Между тем из комнаты, где оставались Жак и Джерри, доносились какие-то странные звуки. Жак говорил что-то грубым тоном, такого мы раньше за ним не замечали, девушка отвечала протяжно и жалобно.
— Она плачет, — заметил Руди.
Протяжный плач перешел в пронзительный, задыхающийся крик.
— Что это? — испуганно спросил Терфаал.
— А ты как думаешь? — сказал я, и мы с Руди принялись читать его стихи.
— Не лишено интереса. Будь я на твоем месте, давно бы отнес это издателю, — заявил Руди.
— Ты думаешь?
— Конечно, — подхватили мы в один голос.
— Надо только перепечатать, — сказал Терфаал.
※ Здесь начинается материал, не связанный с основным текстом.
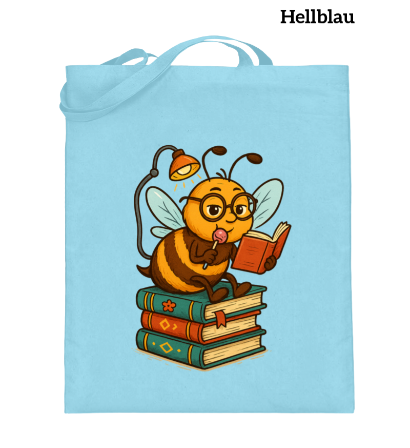 Mit der niedlichen Lesebiene auf einem Bücherstapel wird jeder Bibliotheksbesuch zum Highlight. Egal ob Roman, Ratgeber oder ein Glas Honig vom Markt – dieser Beutel trägt alles mit Stil und Herz. 🍯💛
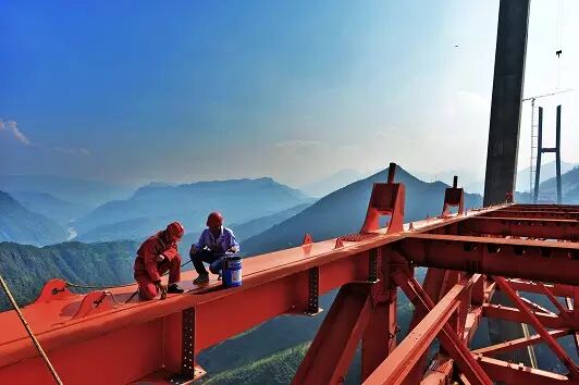 ↑“背靠万重高山,修筑千里坦途”,建设者在杭瑞高速公路毕节至都格段北盘江大桥上施工。
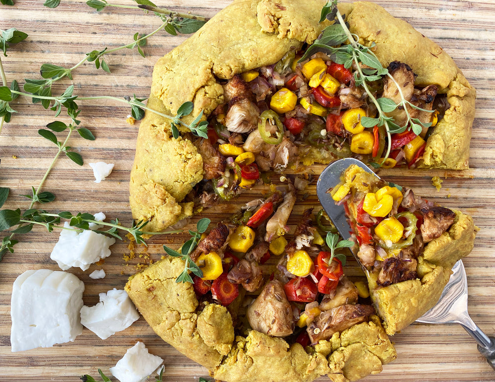 When Owen brought me dewberries this week, I wanted to do something special with them — so here is a galette that is more of a meal than dessert. It’s my favorite kind of food_ crisp, creamy with a serrano pepper kick and a slightly sweet tart topping of dewberries. Enjoy it for lunch with a crisp salad and a chardonnay.
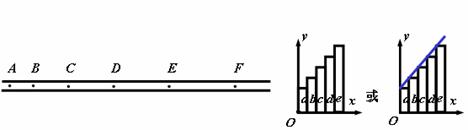 例5.在“利用打点计时器测定匀加速直线运动加速度”的实验中,某同学在打出的纸带上每5点取一个计数点,共取了A、B、C、D、E、F六个计数点(每相邻两个计数点间的四个点未画出)。从每一个计数点处将纸带剪开分成五段(分别叫a、b、c、d、e段),将这五段纸带由短到长紧靠但不重叠地粘在xoy坐标系中,如图所示,由此可以得到一条表示v-t关系的图线,从而可求出加速度。
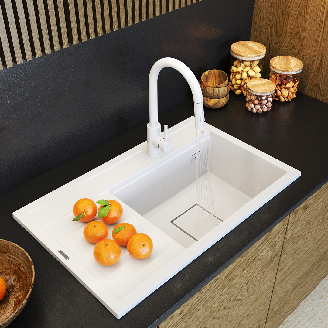 Această soluție subtilă face ca chiuveta să iasă în evidență față de concurență și adaugă un element interesant și inesperat în bucătărie. Accesoriul îmbunătățește, de asemenea, valoarea estetică a modelului, contribuind la un design stilat al spațiului bucătăriei.

Он подошел к дивану, и мы почувствовали, какой неприятный запах идет от него.
Из соседней комнаты явственно слышался плач.
— Что он там вытворяет? — спросил Терфаал.
— Очевидно, она не хочет, — сказал Руди.
— А-а-а-а-х! — закричала девушка, а Жак выругался и заорал:
— Shut up! Shut up![170]За дверью послышались глухие удары, словно кто-то взбивал подушку или выколачивал ковер.
— Опять он заводится, — сказал Руди, — и это с его-то астмой.
Терфаал беспокойно ерзал в своем кресле, вцепившись в подлокотники.
— Подонок! — прошептал он, устремив на нас увлажнившийся взгляд.
— А-а-а-а-ах! — (Чудовище, закованное в цепи, безумная дева в белом, рыдающая в полнолуние.) Жак издавал странные, шипящие звуки.
Терфаал прошелся по гостиной, сцепив за спиной руки, будто по собственной воле накрепко связал их там. Поминутно поглядывая на меня, он словно ждал, что я помогу ему.
— А почему бы и нет? — как бы размышляя вслух, сказал Руди.
— Что же делать? Не вламываться же туда? — спросил Терфаал.
— А что тебя останавливает? — спросил я.
Терфаал перестал мотаться по комнате.
— Пойдешь со мной? — горячо прошептал он. Он не хотел, чтобы его слышал Руди.
— Нет, разумеется. Мне там делать нечего.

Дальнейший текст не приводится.